The entire change is gated behind a single version check, and the pre-existing < 6 branch is byte-for-byte unchanged. From packages/workspace-tools/src/lockfile/parsePnpmLock.ts:

const lockfileVersion = Number(yaml?.lockfileVersion ?? 0);

if (lockfileVersion >= 6) {
  // NEW: `name@version` keys, `snapshots:` edges, and `importers:` collection
} else if (yaml?.packages) {
  // LEGACY (< 6.0): original `split("/")` parsing — unchanged
}

So pnpm 5.x lockfiles take exactly the same path they did before, and yarn/npm lockfiles are dispatched elsewhere in parseLockFile and are not touched at all. Reviewers can verify regression-safety by confirming the else if block matches main.

Testing

• Unit tests against real, generated pnpm 6.0 and 9.0 fixtures (no hand-authored YAML).
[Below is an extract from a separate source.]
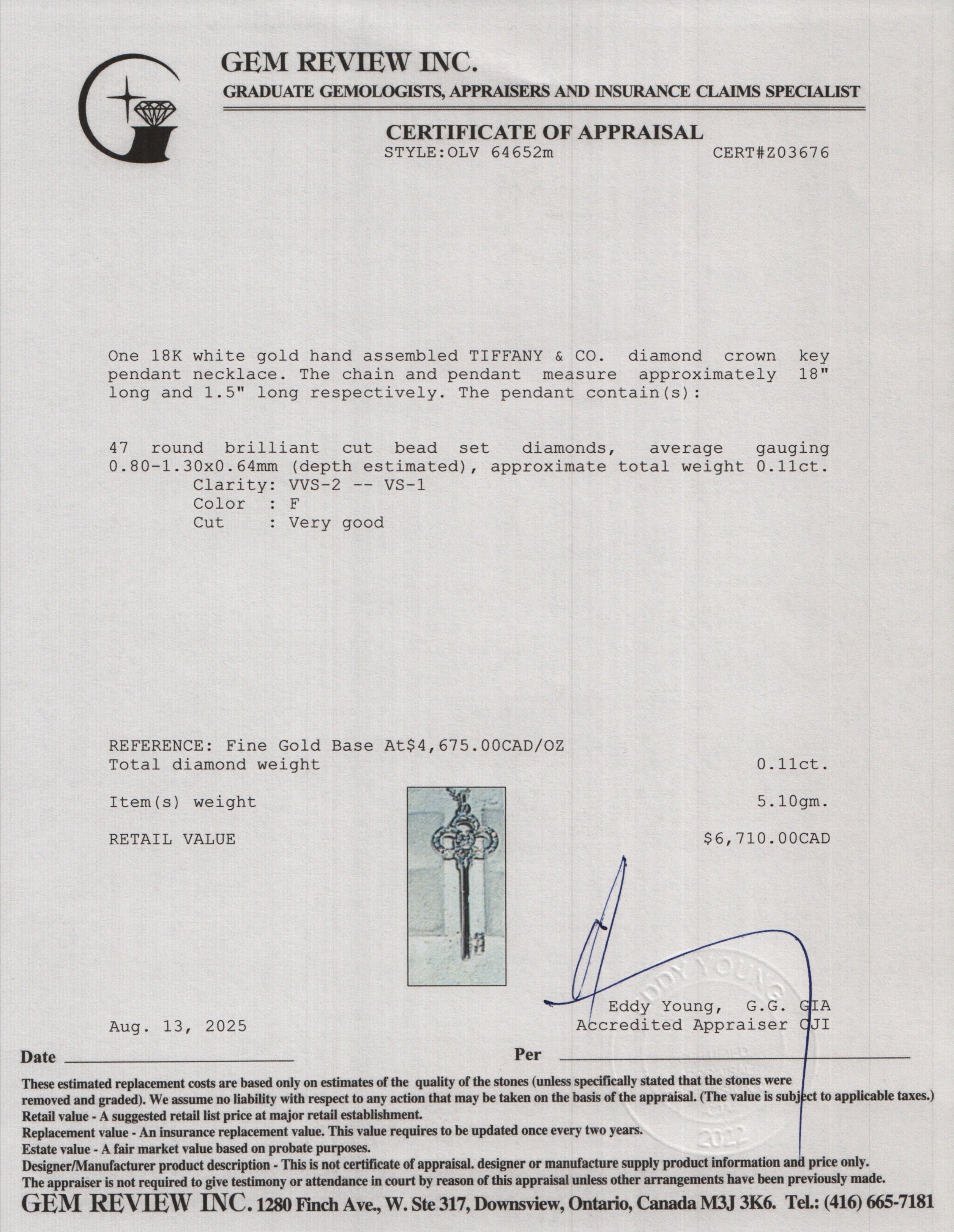 18k White Gold Diamond 1.5" Crown Key Pendant Necklace w/ Box

A describe.each(["basic-pnpm-6", "basic-pnpm-9"]) block runs the edge-case assertions against both the 6.0 (packages:) and 9.0 (snapshots:) codepaths; importer assertions run against a monorepo fixture. workspace-tools: 345 passing.
• End-to-end, with a real scenario: a dependency-graph visualization tool that reads a repo's lockfile through parseLockFile was run against a large real-world pnpm monorepo. Before this change it emitted thousands of … not found in lockfile warnings and a near-empty graph; after, its graph matches the one produced from the equivalent yarn version of the same repo (same tool) after normalization.
• Consumers in this repo (the content hasher and its external-dependency resolver) build and pass their tests against the updated API.

Notes for reviewers

• One-time cache invalidation for pnpm 6/9 repos. lage's hasher previously got garbage from this parser and so hashed only top-level ranges; it now resolves transitive external deps correctly. This changes target hashes once on upgrade (a one-time cache rebuild) — intended, not a bug.
• PnpmLockFile.packages is now optional (9.0 lockfiles have no packages edges). This is a minor source-level type-narrowing for any TS consumer that reads lock.packages directly; no in-repo consumer does.
• Out of scope / possible follow-up: the hasher's pre-existing resolveExternalDependencies uses an O(n²) queue-dedup scan that this fix now exercises at scale on large pnpm monorepos. Not changed here; a Set-based membership check would make it linear.

Change type

minor (purely additive: modern pnpm lockfiles that previously failed now work; existing behavior is unchanged).